I know what it’s like to be a successful writer. I also know what it’s like to be an unsuccessful writer. A few months ago, I was working in one of the top blogs in Africa. I was highly recognized by artists and music listeners alike. But at some point, I could no longer keep up with the career I had willingly chosen so I began to backtrack. Incessantly, I disturbed my boss that I wanted to quit writing about music. The cross had become too much to bear. He had no choice but to fire me eventually. It was a wise decision.
It wouldn’t be a ludicrous assumption if someone said I was a lazy person. I agree. Although, only to an extent. I know why I do the things I do even though sometimes I’m aware of the gargantuan consequences. I know that my mental health is in shambles and I have to do all I can manage to do in a country that constantly shits on its citizens. I am not blameless. But you see, I have to do what I have to do to survive.
Writing has helped me. Writing has also ruined me. I guess everything must have a balance. I’m not allowed to enjoy the benefits alone; I must also be burned by the incense of the very thing that saves me. It might sound like some premium okoto — maybe it is — but I assure you that there’s some truth to it. Not that it’s so special but I write fast. I can write an article in minutes. I have often said that writing the words isn’t where the problem is, it’s the nitpicking that is inevitable. I have to ensure that whatever I have written is clear enough for the audience.

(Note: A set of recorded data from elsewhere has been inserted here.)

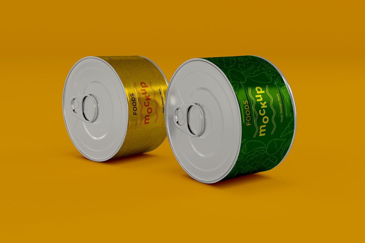Two Metal Food Tin Packaging Mockup 07 Product Mockup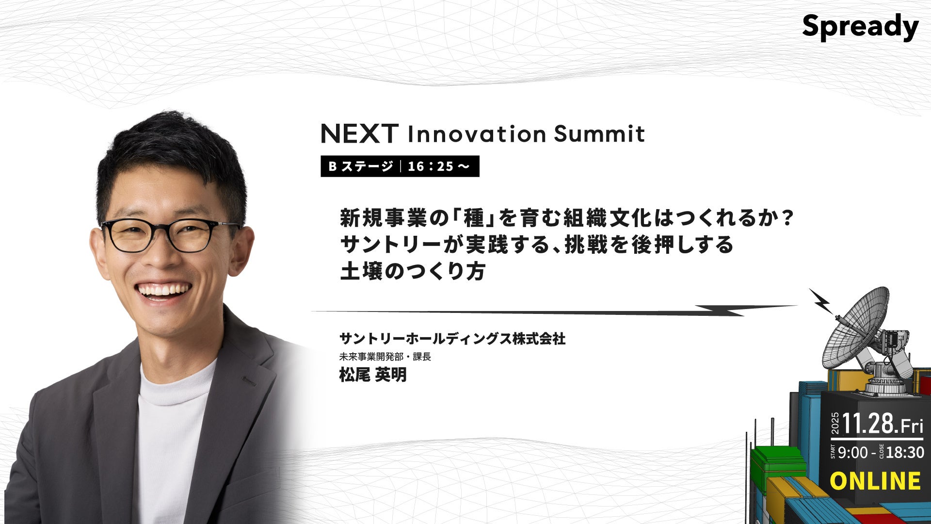 16:25~17:10「新規事業の「種」を育む組織文化はつくれるか?サントリーが実践する、挑戦を後押しする土壌のつくり方」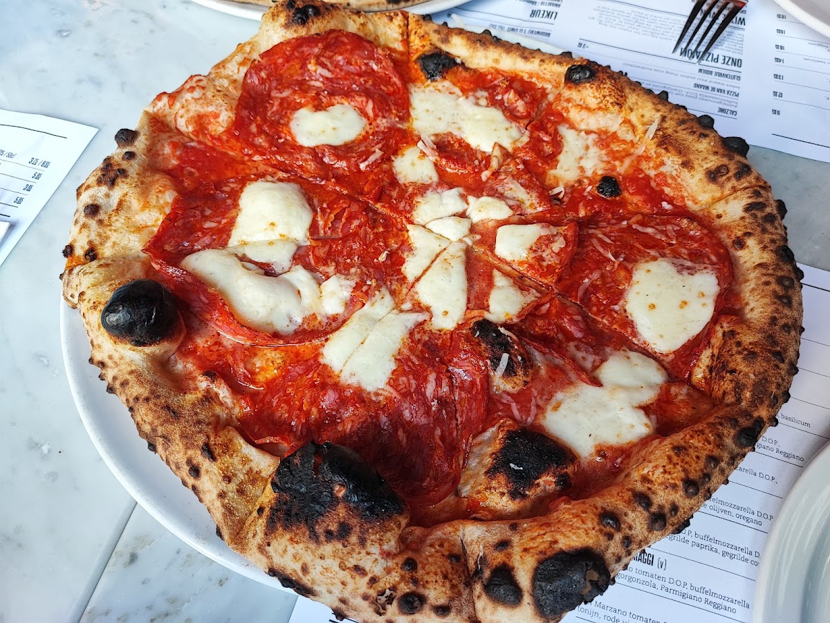 One visit that stuck with me involved sitting near the open kitchen and watching the staff work through a busy dinner rush. The process was calm and methodical: dough balls stretched by hand, toppings added sparingly, pizzas rotated mid-bake for even cooking. That consistency shows in the reviews online, where many diners mention reliable quality even during peak hours. In a city like Amsterdam, where restaurant turnover is high, that kind of consistency builds trust.
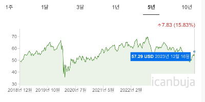 필자는 사전에 생각한 금액 도달시 매수하는 편인데 $ 49 언저리 매수로 현재 12%의 수익률을 달성하고 있다.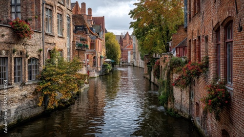 © Kitta Studio, Fototapeta premium Historic European Canal with Old Brick Buildings and Lush Greenery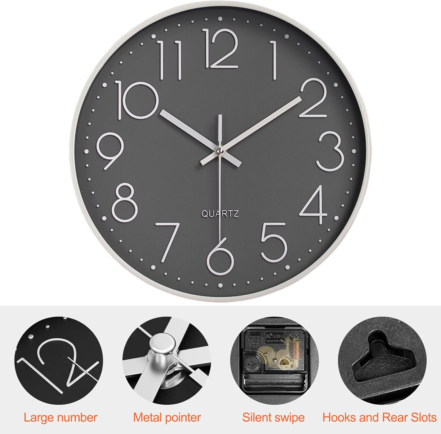 12 Wall Clock Silent Non Ticking Clock For Living Room Bedroom Kitchen Office

Writing for a living means that I have to do this often. That’s where the real battle is. My mind is always buzzing with thoughts. And thoughts are distracting. I spend a lot of time trying to avoid the distraction and that’s a distraction too. So, my life is full of distractions. It is impossible to survive as a writer if your life is full of distractions. This is the battle I must fight if I want to enjoy the benefits of writing. I thought I was ready before but I broke down. I broke down badly.
I have found an alternative. This alternative doesn’t appear to be reliable. I want to write without doing a lot of nitpicking. Write down the thoughts as they come. It is achievable but I’m crippled by the fear that my thoughts might not come out (in writing) as coherently as I’d like. I’m going to give it a shot. I have said it several times that I want to write down my thoughts and post them on any of my platforms. So, I guess the time has finally come. Hopefully, they make some sense to the reader.
I have been struggling financially. However, that has only increased my urge to create. I wish I didn’t have to worry about my responsibilities as an adult. Maybe I would post more short stories. I have a dream to do that someday. For now, I’m going to just try to publish more. I’m glad I can share my thoughts with you. The good and the bad. It is all of what makes me who I am. Thank you for the endless support.
I have also decided that I’ll chase my dream of being a music journalist. I’m going to write more about musicians, songwriters, producers, investors, and the power players making impact in the Nigerian music industry. I have decided to use the gift I have been blessed with.